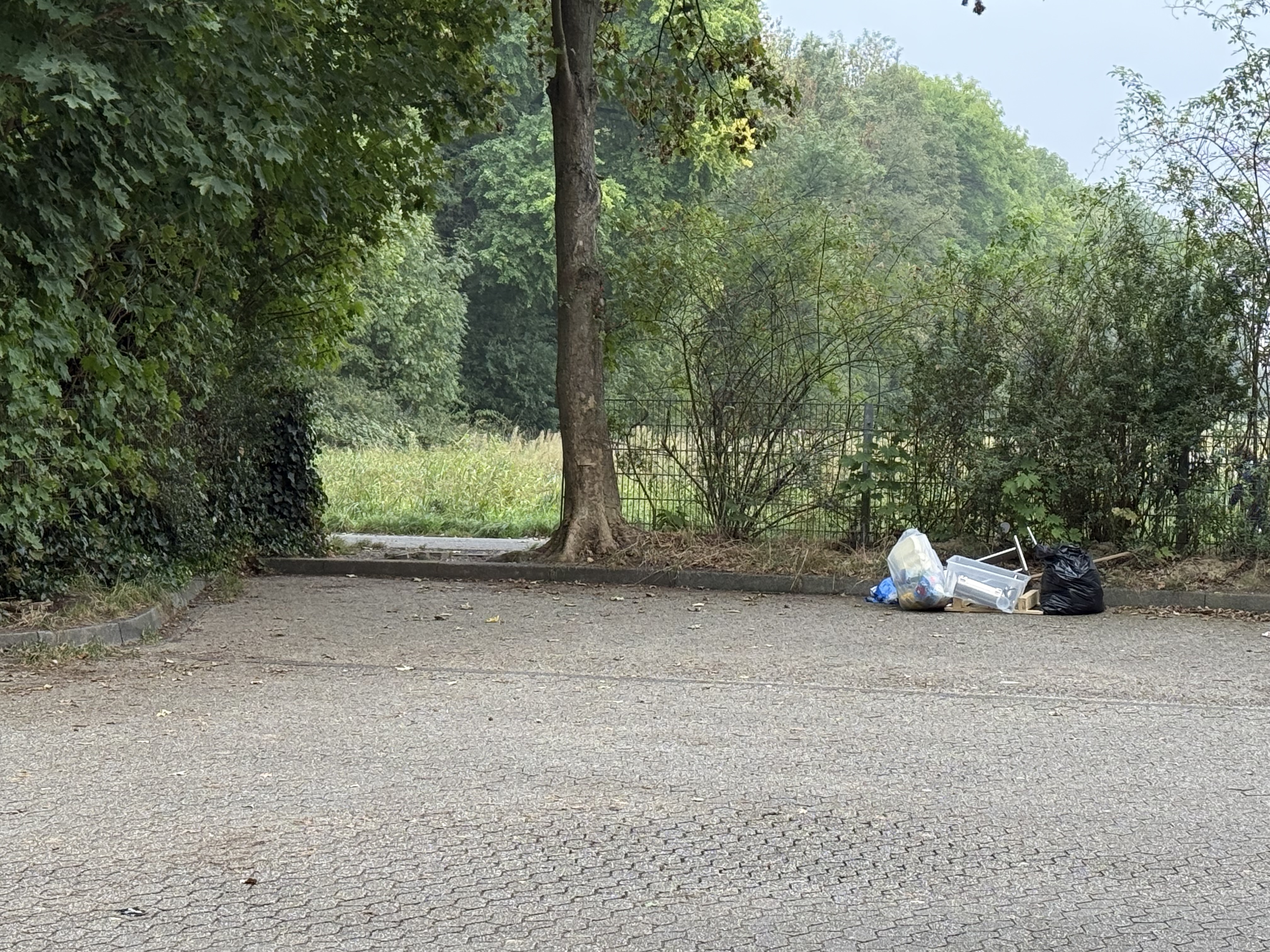 Wilder Müll am Ende des Parkplatzes am Friedhof Eil .
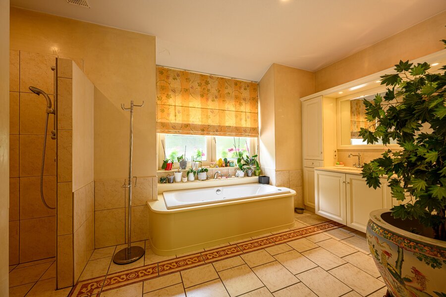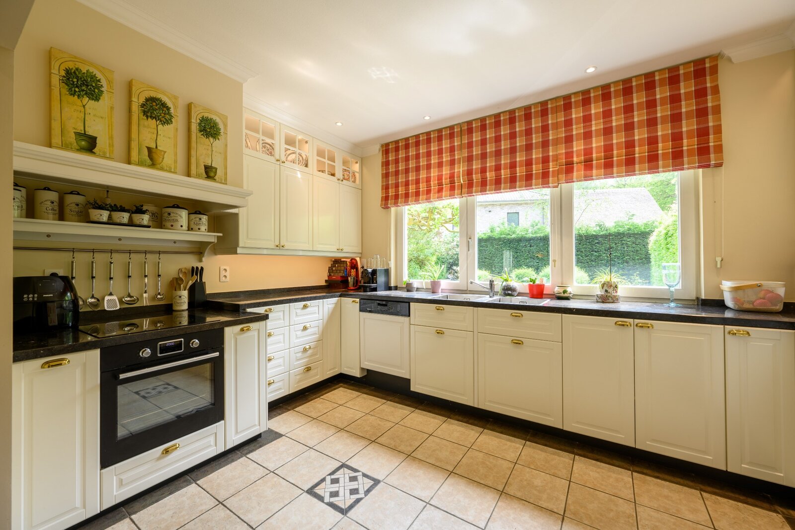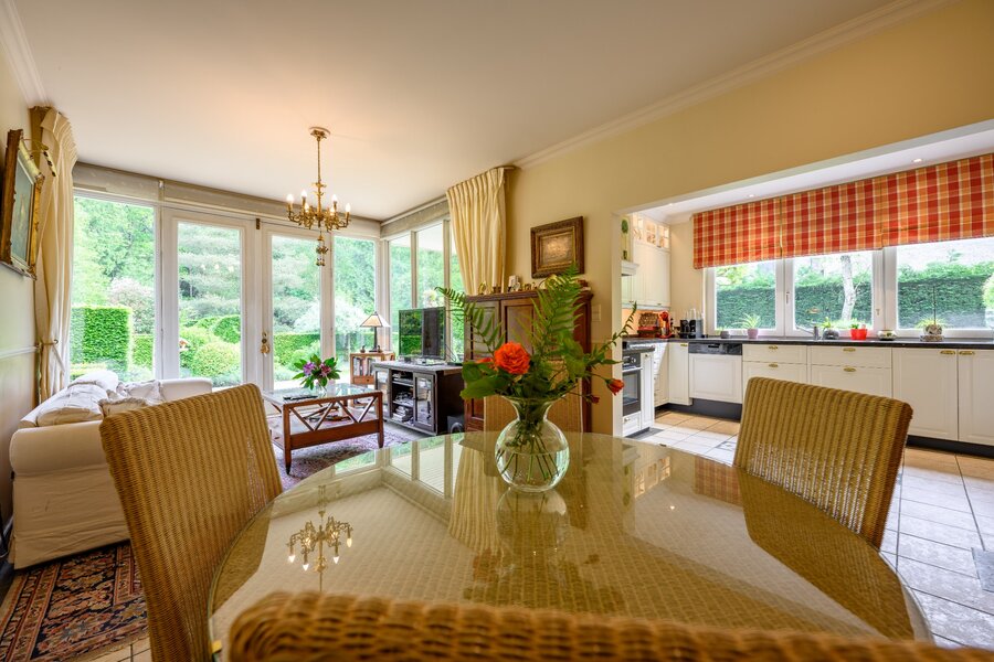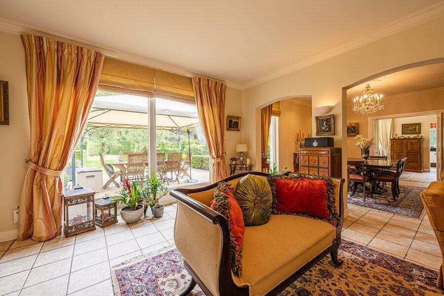 Via de inkomhal komen we binnen in de mooi onderhouden villa. Deze heeft een gastentoilet en voldoende hoogte voor een kroonluchter. Rechtdoor komen we in het leefgedeelte, die is opgedeeld in een salon en een eetkamer. De ruime leefkeuken is zeer compleet uitgerust met voldoende bergkasten, toestellen en een eethoek… kortom alle comfort die u verwacht. Vanuit alle ruimtes heeft u zicht op de prachtig aangelegde parktuin met vijver en terras. Via een bijkeuken met aparte inkomdeur, bereiken we de inpandige, dubbele garage. Een trap leidt naar een fraai ingerichte kantoorruimte met aparte badkamer. Aan de andere kant van de villa is er een masterbedroom met dressing en luxueuze badkamer met bad en douche. De woning is hierdoor geschikt voor zowel zorgwonen als home office en biedt u tal van mogelijkheden.
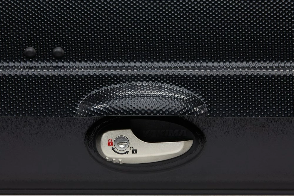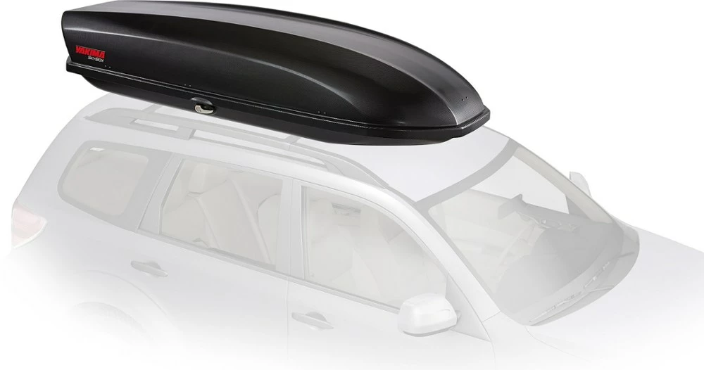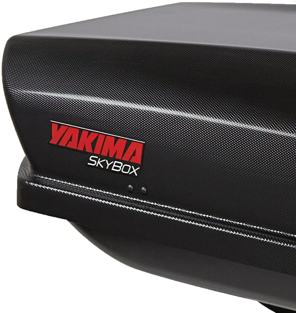 Ideal for hauling gear for up to 5 campers, the Yakima SkyBox 21 Carbonite Cargo Roof Box features a dimple-textured lid that reduces drag for less noise and more stability. And it looks great!
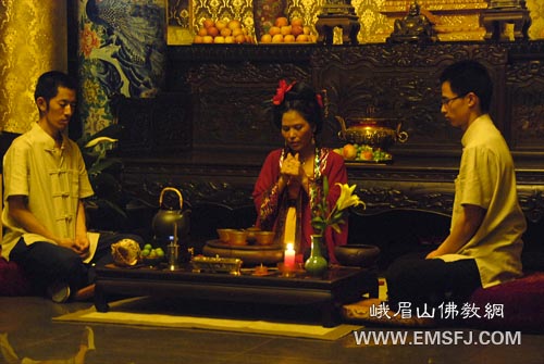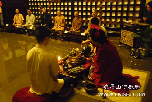 供花、敬香、礼佛、结印……将这全部的专注与虔诚融于水、融于器、融于茶,加上天籁般的佛乐,行云流水般的动作,令茶供会更加意境深远、清净庄严。
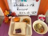 ぶたにくのやさいスープに かわりピザ みかん しょくパン ...
::::::
▸ Task description
Starting at the line that contains "供花、敬香、礼佛、结印……将", extract each line through the last line of the material exactly as written, and include no pictures.

▸ Answer to this problem
 供花、敬香、礼佛、结印……将这全部的专注与虔诚融于水、融于器、融于茶,加上天籁般的佛乐,行云流水般的动作,令茶供会更加意境深远、清净庄严。
 ぶたにくのやさいスープに かわりピザ みかん しょくパン ...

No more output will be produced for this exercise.